As such, Butler J ordered the continuation of the anti-suit injunction and the discontinuance of the substantive Cameroonian proceedings.

Comment

This case highlights a few interesting points:

  1. The English courts remain committed to enforcing arbitration agreements and restraining parties from pursuing parallel litigation in breach of such agreements.
  2. Whilst it may remain open (depending upon the exact wording of the dispute resolution clause and arbitration rules chosen), for a party to seek interim relief from a national court (i) it must be a genuine attempt to seek interim relief rather than a substantive final remedy and (ii) the nature of interim relief is that a party should follow up with commencing arbitral proceedings.
  3. In oil and gas transactions it is common for the underlying production sharing contract, licence or concession (“PSC”) granted by the government (or national oil company) to the relevant oil companies to be governed by local law.
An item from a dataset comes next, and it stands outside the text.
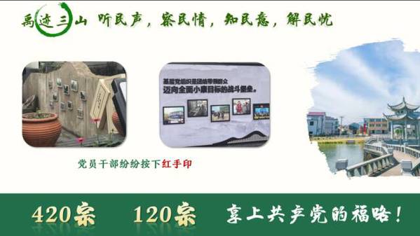 基层党组织是带领群众迈向全面小康目标的战斗堡垒。2019年,三山村打响农房整治、风貌提升攻坚战的“第一枪”。党员们纷纷带头按下“红手印”,带动全村拆除违建420宗。在农房整治之机,村里又对140宗危旧房进行了集中改造,其中就包括村民黄卸妹的老屋。曾经住着危房的86岁的老人黄卸妹,现在住进了村里出资修建的新房。她说:“当年我住的还是泥房子,院子的围墙也倒塌了,后来村里帮我翻新了房子,还帮我办了低保。”独居的黄卸妹把房前屋后收拾得干干净净,在门前院子内种上了应季的鲜花,把自家庭院打造成了小花园。“现在,村里的幸福食堂提供免费午餐,村干部像家人一样关心我,我享共产党的福喽。”老人笑呵呵地说。

It may also be subject to ICSID arbitration (or an alternative).
  4. As between the oil companies in a joint venture to explore for, develop and produce hydrocarbons under a PSC, such joint venture relationship (as between each other) will usually be structured as an unincorporated joint venture through a joint operating agreement (or ‘JOA’). These usually follow industry specific model forms, which are published by the Association of International Energy Negotiators, Offshore Energies UK and other industry bodies.
  5. JOAs are usually governed by English law, Singapore law, or the laws of one of the United States’ jurisdictions. In turn, in respect of JOAs for operations outside the US or UK, it is also more usual to incorporate a dispute resolution clause that provides for ICC, LCIA or SIAC arbitration, seated in one of the main arbitral seats.
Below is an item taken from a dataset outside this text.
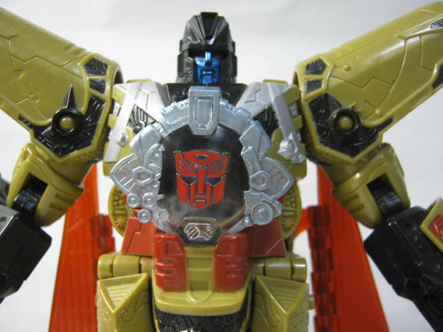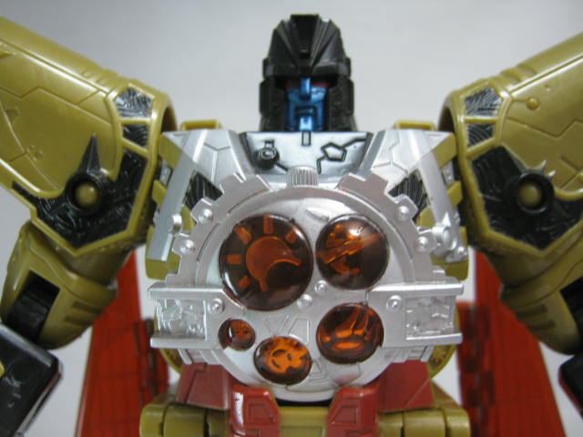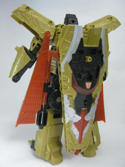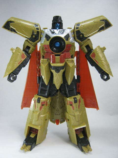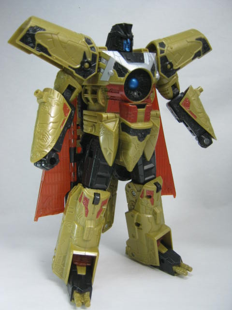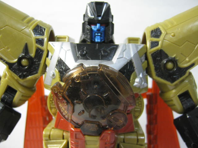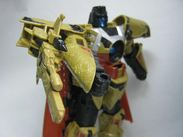 最初の13人のTF(13プライム)なのもあってか、同シリーズのTFと比べると異質な雰囲気。金と言っても黄土色なのと黒のおかげで意外と落ち着いたカラーリング。ちなみにこのベクタープライムは13プライムで一番最初に玩具化された型でもあります。

  6. Where a dispute arises under the PSC, on one hand, and the JOA, on the other, there is a potential for parallel proceedings. That said, this will usually be rare due to the different obligations under the respective documents.
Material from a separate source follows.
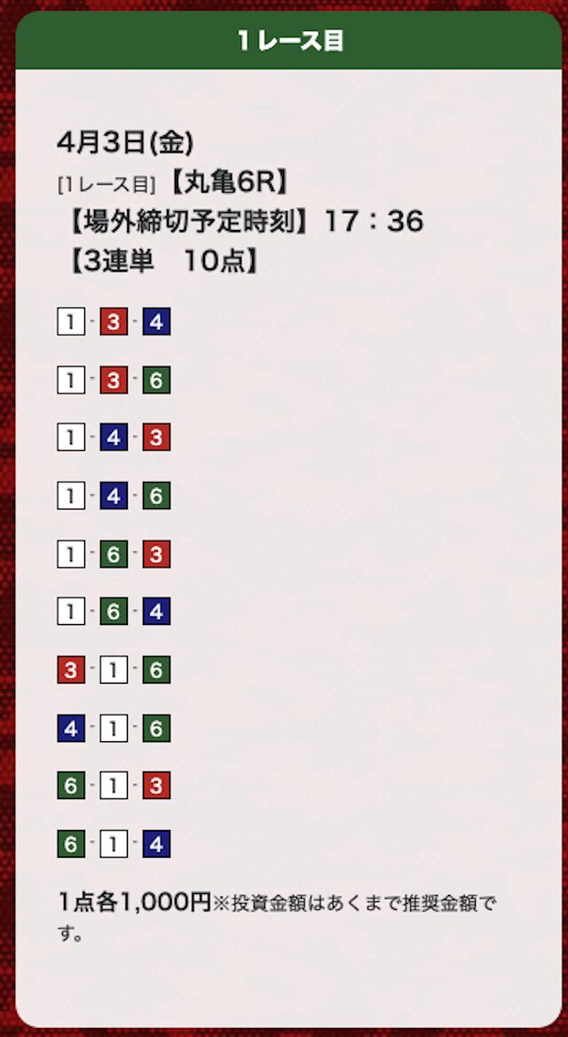 | 26年4月3日 | 丸亀6R | 三連単 | 10点 | 13,600円 |

  7. As a result, if any document has the potential to create a dispute that ‘straddles’ the JOA and PSC, careful consideration should be given as to the appropriate consolidation provisions. That is particularly the case with a settlement agreement. In this case, the ‘optional’ consolidation provision was found to have fulfilled its commercial purpose.      

Parties engaged in international transactions should be aware of and consider jurisdictional issues that may arise from inconsistent arbitration agreements, and how that inconsistency is best managed. Additionally, this case demonstrates the power of anti-suit injunctions to protect a party’s rights under an arbitration agreement – and along with it the value of those arbitration agreements.